Dorte Nielsen, founder of the Center for Creative Thinking in Copenhagen, gave the FourSight assessment to the faculty of a Danish high school. She gathered all the teachers in the cafeteria, handed out their results, and asked them what they had learned from their thinking preferences. One teacher stood up and said, “I teach math,” he said, “and I like to clarify. I’ve always thought my job was to pour as much information as possible into my students’ heads. Now I realize that’s just my preference. I was boring three quarters of my students to death.”
Another teacher stood up. “Don’t feel bad,” she said. “I’m a social studies teacher, and I prefer to implement. Every time I give an assignment, the same five students come to my desk to ask questions about it. I tell them, ‘Just jump in! Figure it out as you go!’ Now I realize they must prefer to clarify. They actually need more direction to get started.”
Turkish researcher, Serap Ozdemir, found that the age-old concept of teacher’s pet may actually be connected to thinking preferences. Serap found that teachers tend to look more favorably on students who share their thinking preferences. She gave 275 teachers the FourSight Thinking Profile and asked them to complete a checklist to describe their ideal student. Teachers overwhelmingly agreed on the same core character traits of honesty, kindness, and trustworthiness, but after that, she found their thinking preferences influenced their idea of who was an ideal student. Teachers who prefer to clarify idealize students who are prompt, organized, and serious (i.e., students who prefer to clarify). Teachers who prefer to ideate idealized students who were playful, imaginative, spontaneous, and original (i.e., students who prefer to ideate).
You can be sure that teachers aren’t the only ones to play favorites. Leaders do it too.
When she works with corporate clients, Dorte, whose background is in advertising, uses a graphic example to teach the blind spot phenomenon to corporate leaders. She flashes two FourSight group profiles on the screen. The first group clearly has a preference to clarify. The second group prefers to ideate.
“Think about how these two groups will get along,” she says, challenging the leaders in her workshop to guess. “How will the clarify group see the ideate group?”
“As too playful. Not detailed enough. Disorganized. Not conscientious. Too imaginative,” are often their answers.
“Right. That’s just what the research tells us.

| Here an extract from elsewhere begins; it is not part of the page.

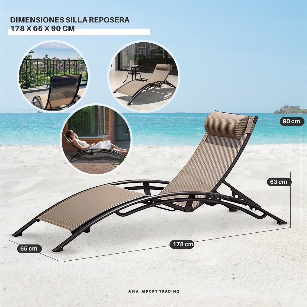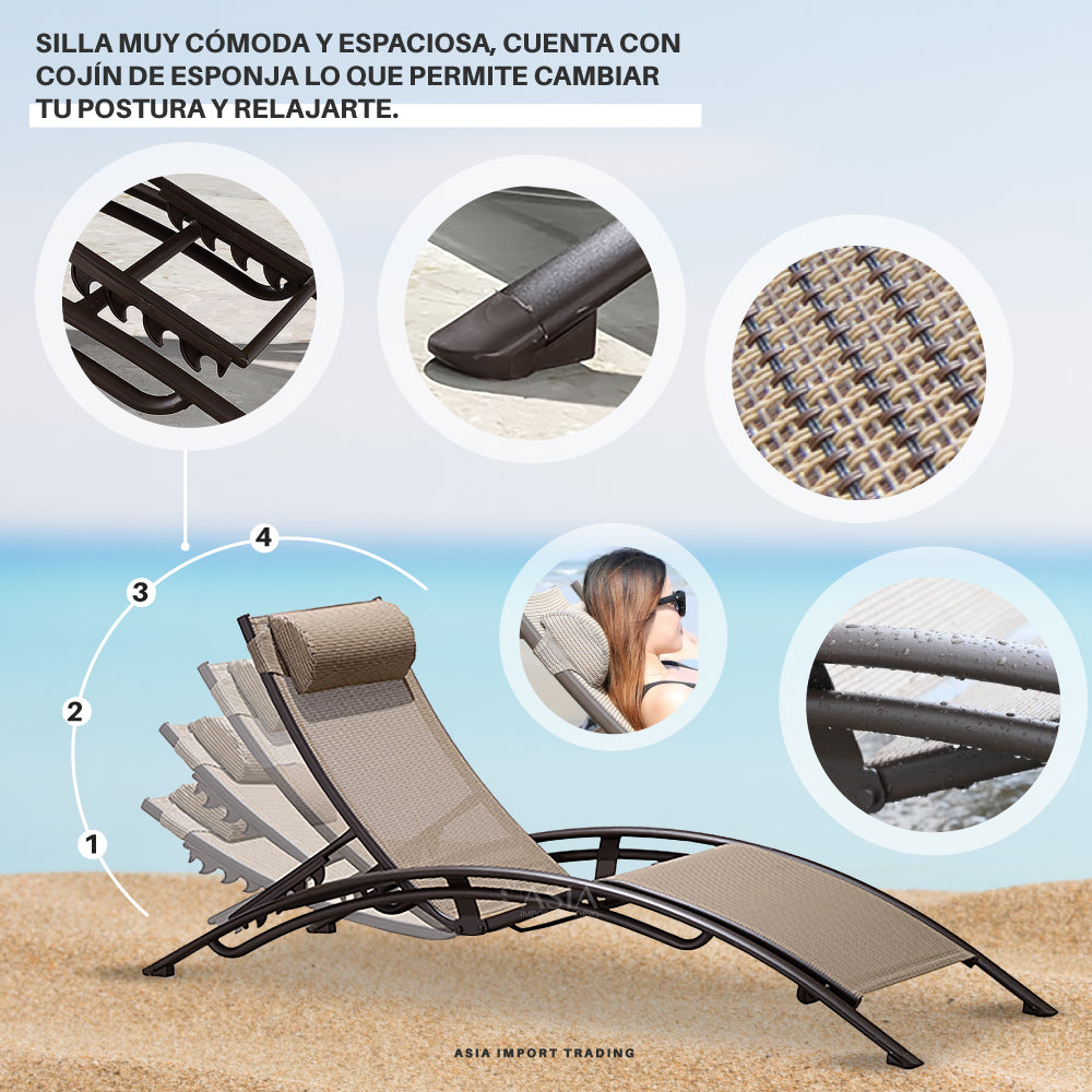Disfruta de tu terraza, piscina o simplemente al aire libre con esta práctica Reposera con respaldo reclinable en 4 posiciones.

And how will the ideate group likely see the clarify group?” asks Dorte.
“As too uptight. Too serious. Too cautious. Too rule bound. Unimaginative,” are the usual leaders’ responses.
“Right again,” she says.
Then Dorte does the big reveal. “These are real life groups. The clarify group are students. The ideate group are their teachers.” This is often a cue for an audible gasp in the room.

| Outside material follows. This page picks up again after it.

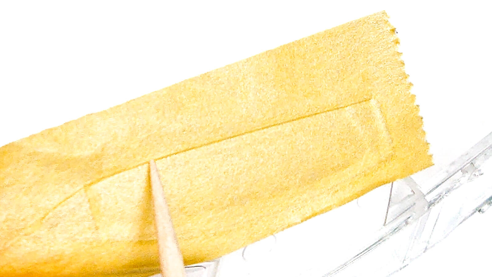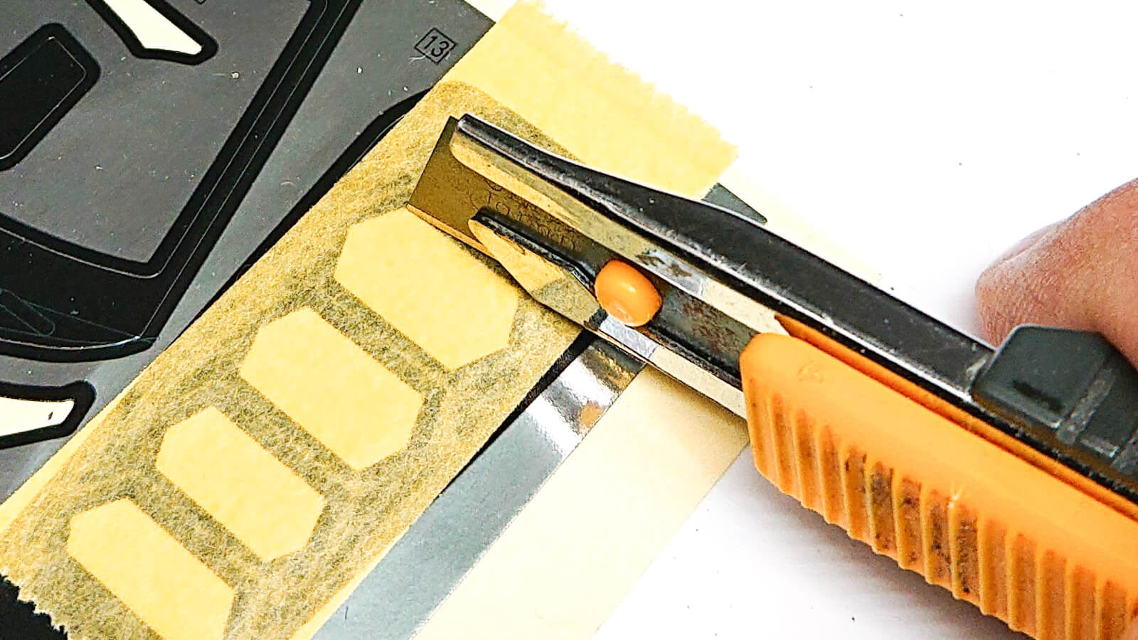 裏側はキットのシールを活用してマスキングテープを切り出します。写真のようにシールの一部をはがし、ここにマスキングテープを貼り付けて押さえつけますます。そして浮かび上がった段差に沿ってカッターナイフで切りこみを入れることで、ぴったりなサイズに切り出すことができます。

Dorte then shares the unconscious assumptions of each group: the teachers thought their students would want to explore new, original approaches to the topic and would get bored by too many details or too much reading. But the students wanted nothing more than facts, detailed information, and a chance to ask lots of questions. Both groups were doomed to a miserable semester until Dorte revealed their thinking preferences. She recalled, “The teachers laughed out loud when they saw these profiles. One said laughing, ‘Ah, that's why they didn't enjoy dancing during the math class.’” Once the teachers understood how their students liked to think, they happily altered their approach to better suit the students’ needs. The two groups ended up with a very positive relationship. Next year, they’d have to do it all over again because the new batch of students might have an entirely different set of thinking preferences.
Dorte shows her corporate clients the FourSight group profiles of their own departments and working teams. Often there are stark contrasts. In the creative agencies she serves, the finance department typically favors clarifying. The creative department prefers ideating. Account managers and media buyers often prefer to clarify and implement. The classic antipathy that often develops between those groups feels personal, but it’s easily explained by thinking preferences. Before they understand thinking preferences, different departments may look on each other with suspicion, but by the time Dorte is finished with them, they see how everyone contributes to the whole.
 Gurak-Ozdemir, S., Acar, S., Puccio, G., & Wright, C. (2019). “Why do teachers connect better with some students than others? Exploring the influence of teachers’ creative thinking preferences.” Gifted and Talented International, p.1-14.